Serrate accessory claw setae. Although serrate setae are most strongly developed in the araneoid spiders ( Griswold et al., 2005), similar setae are also present in some stiphidiid spiders. Three to four of these “toothed” setae are placed at each side of the inferior tarsal claw in Jamberoo johnnoblei n.sp. ( Fig. 3j View Fig ) and Borrala dorrigo (fig. 2c,d in Gray & Smith, 2004). In these genera the “teeth” are in a single row but this may be doubled basally. Serrate setae are also present in Stiphidion facetum but the “teeth” are in a long double row ( Fig. 3k View Fig ). Griswold et al. (2005) score these setae as absent in Pillara and Stiphidion .
Retrolateral tibial apophyses. In Therlinya , Borrala and Pillara the decidedly more ventrally placed of the two retrolateral apophyses present was termed the RVTA, while the laterally placed apophysis was the RTA. However, in the genera described here the “RTA” is usually more dorsally placed and is termed the RDTA; whether all of these RDTA’s are RTA homologues is probable but uncertain. The term RVTA is retained for the more ventral apophysis, although in the new genera its position is often somewhat more retrolateral than in the three previously described genera. However, their homology is suggested by their basic structural similarity.
Median apophysis. An MA is present in all borraline genera. A single, membraneous MA is present in Therlinya , Pillara and Elleguna ( Fig. 17a View Fig ). In the other genera the MA is a bipartite apophysis—the medial process is always membraneous, while the lateral process is weakly to strongly sclerotized ( Fig. 2f,i View Fig ). The unipartite membraneous MA may be homologous with the medial process of the bipartite MA.

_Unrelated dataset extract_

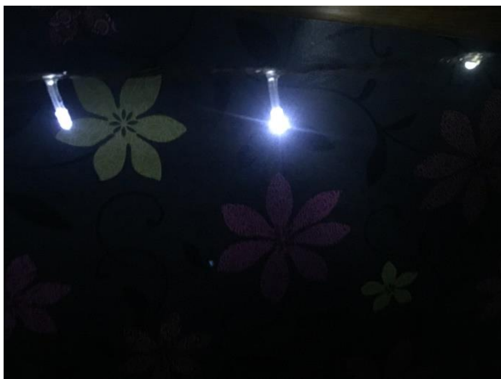
Joonis 4. Anni arusaam matemaatikast

Legs. Male metatarsi I and II are long and slender but in Jamberoo , Couranga , Asmea , Karriella and Elleguna they are also gently bowed and may be flattened as well.
Stridulatory setae. Modified setae are present on adjacent surfaces of the lateral paturon and the prolateral palpal femur in Elleguna and Karriella ( Fig. 15a–d View Fig ). Their position suggests a stridulatory function. In Karriella treenensis n.sp. the setae may be absent in some populations.